What is needed is an exact retyping of the records below, from the first line through the line that contains "Dopo aver installato".

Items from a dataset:
════
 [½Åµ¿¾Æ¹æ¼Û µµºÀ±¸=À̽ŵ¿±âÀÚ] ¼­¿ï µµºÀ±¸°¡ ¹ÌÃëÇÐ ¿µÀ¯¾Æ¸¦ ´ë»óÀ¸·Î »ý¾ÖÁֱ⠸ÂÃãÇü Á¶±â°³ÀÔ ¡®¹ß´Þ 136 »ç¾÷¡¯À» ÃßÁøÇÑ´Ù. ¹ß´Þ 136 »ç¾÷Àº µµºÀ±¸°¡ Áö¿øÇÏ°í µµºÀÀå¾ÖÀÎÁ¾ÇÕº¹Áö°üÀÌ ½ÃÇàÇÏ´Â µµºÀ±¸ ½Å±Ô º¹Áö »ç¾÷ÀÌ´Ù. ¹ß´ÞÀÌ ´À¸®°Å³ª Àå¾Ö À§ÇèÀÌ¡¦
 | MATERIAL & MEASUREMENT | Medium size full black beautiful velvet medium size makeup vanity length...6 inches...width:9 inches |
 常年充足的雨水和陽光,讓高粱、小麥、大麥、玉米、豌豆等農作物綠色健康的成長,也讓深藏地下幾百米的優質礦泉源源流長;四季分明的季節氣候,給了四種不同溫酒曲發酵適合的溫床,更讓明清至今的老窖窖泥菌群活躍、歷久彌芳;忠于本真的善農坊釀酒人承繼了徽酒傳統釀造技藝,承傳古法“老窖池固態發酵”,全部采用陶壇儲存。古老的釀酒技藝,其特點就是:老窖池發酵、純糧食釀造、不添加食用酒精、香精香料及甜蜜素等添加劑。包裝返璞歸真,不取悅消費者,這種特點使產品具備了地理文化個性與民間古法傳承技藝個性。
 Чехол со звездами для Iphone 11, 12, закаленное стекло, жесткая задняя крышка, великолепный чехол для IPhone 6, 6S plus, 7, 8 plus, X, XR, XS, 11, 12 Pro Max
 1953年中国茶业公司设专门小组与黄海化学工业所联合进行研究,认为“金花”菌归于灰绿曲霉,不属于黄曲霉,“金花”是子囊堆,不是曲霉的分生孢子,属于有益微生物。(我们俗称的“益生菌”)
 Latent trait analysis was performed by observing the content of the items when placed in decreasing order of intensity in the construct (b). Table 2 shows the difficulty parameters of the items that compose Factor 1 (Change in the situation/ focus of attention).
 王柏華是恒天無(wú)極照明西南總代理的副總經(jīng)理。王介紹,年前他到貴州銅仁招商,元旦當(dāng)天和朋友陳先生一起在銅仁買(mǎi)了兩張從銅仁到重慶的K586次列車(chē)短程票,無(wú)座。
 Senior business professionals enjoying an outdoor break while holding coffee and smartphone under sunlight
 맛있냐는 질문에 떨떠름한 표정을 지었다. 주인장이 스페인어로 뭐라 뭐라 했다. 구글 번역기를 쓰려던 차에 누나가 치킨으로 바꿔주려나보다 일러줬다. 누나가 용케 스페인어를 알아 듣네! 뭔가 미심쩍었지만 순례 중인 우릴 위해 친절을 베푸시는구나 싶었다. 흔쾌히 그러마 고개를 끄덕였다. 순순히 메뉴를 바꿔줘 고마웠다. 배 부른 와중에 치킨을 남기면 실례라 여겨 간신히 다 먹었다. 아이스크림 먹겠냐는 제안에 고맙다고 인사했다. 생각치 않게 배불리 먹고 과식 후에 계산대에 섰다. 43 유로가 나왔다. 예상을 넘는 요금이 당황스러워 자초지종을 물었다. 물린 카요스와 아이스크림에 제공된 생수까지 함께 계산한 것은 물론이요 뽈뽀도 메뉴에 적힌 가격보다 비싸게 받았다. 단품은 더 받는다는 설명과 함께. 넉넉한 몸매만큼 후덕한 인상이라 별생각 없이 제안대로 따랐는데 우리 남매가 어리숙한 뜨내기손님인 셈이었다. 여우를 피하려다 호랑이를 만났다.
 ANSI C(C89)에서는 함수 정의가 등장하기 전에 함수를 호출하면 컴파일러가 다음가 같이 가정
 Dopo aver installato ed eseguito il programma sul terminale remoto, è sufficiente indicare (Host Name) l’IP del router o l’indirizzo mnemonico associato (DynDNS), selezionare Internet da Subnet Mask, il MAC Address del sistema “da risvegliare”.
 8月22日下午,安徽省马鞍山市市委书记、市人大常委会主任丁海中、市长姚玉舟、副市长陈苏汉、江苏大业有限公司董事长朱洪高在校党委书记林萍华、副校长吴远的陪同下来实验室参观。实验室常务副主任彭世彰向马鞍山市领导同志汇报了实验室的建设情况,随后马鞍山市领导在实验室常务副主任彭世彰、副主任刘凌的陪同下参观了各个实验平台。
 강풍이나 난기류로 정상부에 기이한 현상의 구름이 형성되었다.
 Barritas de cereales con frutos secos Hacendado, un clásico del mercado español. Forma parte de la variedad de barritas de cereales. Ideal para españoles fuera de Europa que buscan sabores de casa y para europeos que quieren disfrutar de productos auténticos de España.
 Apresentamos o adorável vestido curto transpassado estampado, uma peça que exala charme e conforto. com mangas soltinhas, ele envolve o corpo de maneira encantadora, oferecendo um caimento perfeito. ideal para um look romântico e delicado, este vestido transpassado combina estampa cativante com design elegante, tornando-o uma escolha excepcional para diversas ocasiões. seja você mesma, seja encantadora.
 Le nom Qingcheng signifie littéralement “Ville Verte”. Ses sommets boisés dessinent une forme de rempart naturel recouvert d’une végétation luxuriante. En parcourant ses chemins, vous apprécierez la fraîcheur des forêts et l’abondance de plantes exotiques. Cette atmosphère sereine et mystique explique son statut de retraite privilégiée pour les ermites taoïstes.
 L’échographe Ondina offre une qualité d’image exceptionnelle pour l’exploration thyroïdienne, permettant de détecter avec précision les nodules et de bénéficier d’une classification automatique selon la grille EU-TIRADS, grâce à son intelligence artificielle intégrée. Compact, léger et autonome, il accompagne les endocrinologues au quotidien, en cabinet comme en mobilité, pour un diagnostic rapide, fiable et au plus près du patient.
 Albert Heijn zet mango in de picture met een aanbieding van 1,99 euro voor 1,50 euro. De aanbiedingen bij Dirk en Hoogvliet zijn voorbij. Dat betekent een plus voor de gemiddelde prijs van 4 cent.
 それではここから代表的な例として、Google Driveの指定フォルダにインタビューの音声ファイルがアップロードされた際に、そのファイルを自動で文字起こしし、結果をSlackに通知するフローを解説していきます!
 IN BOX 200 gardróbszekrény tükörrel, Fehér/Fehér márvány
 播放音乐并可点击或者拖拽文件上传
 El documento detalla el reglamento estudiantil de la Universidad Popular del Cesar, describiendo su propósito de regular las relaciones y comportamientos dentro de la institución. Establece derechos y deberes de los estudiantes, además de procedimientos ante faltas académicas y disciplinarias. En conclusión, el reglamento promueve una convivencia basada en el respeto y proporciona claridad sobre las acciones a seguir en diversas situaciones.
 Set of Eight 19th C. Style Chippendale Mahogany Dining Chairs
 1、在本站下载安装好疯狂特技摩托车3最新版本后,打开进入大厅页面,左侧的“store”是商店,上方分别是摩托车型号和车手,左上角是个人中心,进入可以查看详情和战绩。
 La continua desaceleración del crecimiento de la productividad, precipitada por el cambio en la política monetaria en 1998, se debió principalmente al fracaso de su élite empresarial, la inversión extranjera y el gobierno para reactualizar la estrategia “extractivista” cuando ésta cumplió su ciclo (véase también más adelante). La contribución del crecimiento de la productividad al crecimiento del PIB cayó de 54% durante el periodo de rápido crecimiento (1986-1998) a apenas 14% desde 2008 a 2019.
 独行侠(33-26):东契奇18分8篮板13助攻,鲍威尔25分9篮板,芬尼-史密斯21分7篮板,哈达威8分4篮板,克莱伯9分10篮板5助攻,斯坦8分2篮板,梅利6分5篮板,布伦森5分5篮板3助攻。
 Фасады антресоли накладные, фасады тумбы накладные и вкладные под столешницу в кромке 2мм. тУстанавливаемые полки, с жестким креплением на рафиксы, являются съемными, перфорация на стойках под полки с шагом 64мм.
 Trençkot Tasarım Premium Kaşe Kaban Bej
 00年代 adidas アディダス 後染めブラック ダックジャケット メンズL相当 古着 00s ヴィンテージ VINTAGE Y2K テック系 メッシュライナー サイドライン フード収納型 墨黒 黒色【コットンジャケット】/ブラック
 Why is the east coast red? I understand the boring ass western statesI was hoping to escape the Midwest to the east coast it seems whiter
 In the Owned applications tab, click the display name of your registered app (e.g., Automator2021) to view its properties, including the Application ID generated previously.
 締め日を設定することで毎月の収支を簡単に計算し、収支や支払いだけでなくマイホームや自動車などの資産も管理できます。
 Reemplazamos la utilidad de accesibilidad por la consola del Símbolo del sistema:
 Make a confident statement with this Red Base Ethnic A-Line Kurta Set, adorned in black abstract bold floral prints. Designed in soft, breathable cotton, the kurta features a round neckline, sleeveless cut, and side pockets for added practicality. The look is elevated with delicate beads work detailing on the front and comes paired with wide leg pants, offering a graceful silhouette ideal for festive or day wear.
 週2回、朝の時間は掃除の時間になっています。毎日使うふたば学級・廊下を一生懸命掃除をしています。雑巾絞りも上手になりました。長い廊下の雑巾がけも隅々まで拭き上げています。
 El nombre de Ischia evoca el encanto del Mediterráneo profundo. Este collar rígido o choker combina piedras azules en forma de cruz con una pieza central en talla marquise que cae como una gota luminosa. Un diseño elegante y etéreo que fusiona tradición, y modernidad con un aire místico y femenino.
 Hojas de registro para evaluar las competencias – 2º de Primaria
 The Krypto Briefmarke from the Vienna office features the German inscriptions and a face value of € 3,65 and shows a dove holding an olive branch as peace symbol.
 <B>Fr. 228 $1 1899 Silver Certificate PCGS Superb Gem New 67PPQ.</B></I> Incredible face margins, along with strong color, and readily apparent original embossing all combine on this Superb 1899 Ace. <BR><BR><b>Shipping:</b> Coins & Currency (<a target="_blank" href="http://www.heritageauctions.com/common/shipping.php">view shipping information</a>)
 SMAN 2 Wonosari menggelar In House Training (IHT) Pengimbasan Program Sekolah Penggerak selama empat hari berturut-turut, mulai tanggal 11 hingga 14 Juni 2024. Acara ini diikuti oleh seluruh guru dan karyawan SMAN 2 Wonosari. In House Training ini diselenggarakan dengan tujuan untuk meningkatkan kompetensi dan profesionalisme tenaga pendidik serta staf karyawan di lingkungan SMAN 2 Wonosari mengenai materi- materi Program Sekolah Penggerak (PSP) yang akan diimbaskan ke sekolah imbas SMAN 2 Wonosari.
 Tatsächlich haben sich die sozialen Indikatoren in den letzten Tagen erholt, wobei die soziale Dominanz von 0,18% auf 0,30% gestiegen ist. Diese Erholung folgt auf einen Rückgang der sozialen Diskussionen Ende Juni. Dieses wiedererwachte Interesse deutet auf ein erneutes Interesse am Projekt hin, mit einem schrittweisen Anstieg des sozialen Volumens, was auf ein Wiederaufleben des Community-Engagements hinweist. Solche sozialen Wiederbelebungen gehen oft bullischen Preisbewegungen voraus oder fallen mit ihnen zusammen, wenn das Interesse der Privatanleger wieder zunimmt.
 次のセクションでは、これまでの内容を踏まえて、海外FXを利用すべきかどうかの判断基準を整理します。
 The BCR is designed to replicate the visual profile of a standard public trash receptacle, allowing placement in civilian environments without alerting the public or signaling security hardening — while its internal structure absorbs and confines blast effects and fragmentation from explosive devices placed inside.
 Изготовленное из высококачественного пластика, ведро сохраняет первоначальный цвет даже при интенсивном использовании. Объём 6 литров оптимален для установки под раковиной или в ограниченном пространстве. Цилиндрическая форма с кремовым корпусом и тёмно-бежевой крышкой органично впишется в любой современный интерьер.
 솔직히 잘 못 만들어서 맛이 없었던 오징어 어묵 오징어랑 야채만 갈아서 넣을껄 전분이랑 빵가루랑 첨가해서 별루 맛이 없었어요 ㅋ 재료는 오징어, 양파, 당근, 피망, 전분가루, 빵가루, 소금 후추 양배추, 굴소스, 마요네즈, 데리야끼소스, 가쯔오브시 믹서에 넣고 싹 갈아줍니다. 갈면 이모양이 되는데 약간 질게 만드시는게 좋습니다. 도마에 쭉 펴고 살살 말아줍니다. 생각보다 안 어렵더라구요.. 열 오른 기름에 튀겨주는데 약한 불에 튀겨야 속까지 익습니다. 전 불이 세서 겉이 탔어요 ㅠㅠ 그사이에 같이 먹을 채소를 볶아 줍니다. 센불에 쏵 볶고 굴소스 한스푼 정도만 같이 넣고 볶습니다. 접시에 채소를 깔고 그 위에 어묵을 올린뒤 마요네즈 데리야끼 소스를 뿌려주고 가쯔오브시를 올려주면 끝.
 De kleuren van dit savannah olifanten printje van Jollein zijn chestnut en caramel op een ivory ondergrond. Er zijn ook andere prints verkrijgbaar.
════
◆ RESPONSE BELOW:
 [½Åµ¿¾Æ¹æ¼Û µµºÀ±¸=À̽ŵ¿±âÀÚ] ¼­¿ï µµºÀ±¸°¡ ¹ÌÃëÇÐ ¿µÀ¯¾Æ¸¦ ´ë»óÀ¸·Î »ý¾ÖÁֱ⠸ÂÃãÇü Á¶±â°³ÀÔ ¡®¹ß´Þ 136 »ç¾÷¡¯À» ÃßÁøÇÑ´Ù. ¹ß´Þ 136 »ç¾÷Àº µµºÀ±¸°¡ Áö¿øÇÏ°í µµºÀÀå¾ÖÀÎÁ¾ÇÕº¹Áö°üÀÌ ½ÃÇàÇÏ´Â µµºÀ±¸ ½Å±Ô º¹Áö »ç¾÷ÀÌ´Ù. ¹ß´ÞÀÌ ´À¸®°Å³ª Àå¾Ö À§ÇèÀÌ¡¦
 | MATERIAL & MEASUREMENT | Medium size full black beautiful velvet medium size makeup vanity length...6 inches...width:9 inches |
 常年充足的雨水和陽光,讓高粱、小麥、大麥、玉米、豌豆等農作物綠色健康的成長,也讓深藏地下幾百米的優質礦泉源源流長;四季分明的季節氣候,給了四種不同溫酒曲發酵適合的溫床,更讓明清至今的老窖窖泥菌群活躍、歷久彌芳;忠于本真的善農坊釀酒人承繼了徽酒傳統釀造技藝,承傳古法“老窖池固態發酵”,全部采用陶壇儲存。古老的釀酒技藝,其特點就是:老窖池發酵、純糧食釀造、不添加食用酒精、香精香料及甜蜜素等添加劑。包裝返璞歸真,不取悅消費者,這種特點使產品具備了地理文化個性與民間古法傳承技藝個性。
 Чехол со звездами для Iphone 11, 12, закаленное стекло, жесткая задняя крышка, великолепный чехол для IPhone 6, 6S plus, 7, 8 plus, X, XR, XS, 11, 12 Pro Max
 1953年中国茶业公司设专门小组与黄海化学工业所联合进行研究,认为“金花”菌归于灰绿曲霉,不属于黄曲霉,“金花”是子囊堆,不是曲霉的分生孢子,属于有益微生物。(我们俗称的“益生菌”)
 Latent trait analysis was performed by observing the content of the items when placed in decreasing order of intensity in the construct (b). Table 2 shows the difficulty parameters of the items that compose Factor 1 (Change in the situation/ focus of attention).
 王柏華是恒天無(wú)極照明西南總代理的副總經(jīng)理。王介紹,年前他到貴州銅仁招商,元旦當(dāng)天和朋友陳先生一起在銅仁買(mǎi)了兩張從銅仁到重慶的K586次列車(chē)短程票,無(wú)座。
 Senior business professionals enjoying an outdoor break while holding coffee and smartphone under sunlight
 맛있냐는 질문에 떨떠름한 표정을 지었다. 주인장이 스페인어로 뭐라 뭐라 했다. 구글 번역기를 쓰려던 차에 누나가 치킨으로 바꿔주려나보다 일러줬다. 누나가 용케 스페인어를 알아 듣네! 뭔가 미심쩍었지만 순례 중인 우릴 위해 친절을 베푸시는구나 싶었다. 흔쾌히 그러마 고개를 끄덕였다. 순순히 메뉴를 바꿔줘 고마웠다. 배 부른 와중에 치킨을 남기면 실례라 여겨 간신히 다 먹었다. 아이스크림 먹겠냐는 제안에 고맙다고 인사했다. 생각치 않게 배불리 먹고 과식 후에 계산대에 섰다. 43 유로가 나왔다. 예상을 넘는 요금이 당황스러워 자초지종을 물었다. 물린 카요스와 아이스크림에 제공된 생수까지 함께 계산한 것은 물론이요 뽈뽀도 메뉴에 적힌 가격보다 비싸게 받았다. 단품은 더 받는다는 설명과 함께. 넉넉한 몸매만큼 후덕한 인상이라 별생각 없이 제안대로 따랐는데 우리 남매가 어리숙한 뜨내기손님인 셈이었다. 여우를 피하려다 호랑이를 만났다.
 ANSI C(C89)에서는 함수 정의가 등장하기 전에 함수를 호출하면 컴파일러가 다음가 같이 가정
 Dopo aver installato ed eseguito il programma sul terminale remoto, è sufficiente indicare (Host Name) l’IP del router o l’indirizzo mnemonico associato (DynDNS), selezionare Internet da Subnet Mask, il MAC Address del sistema “da risvegliare”.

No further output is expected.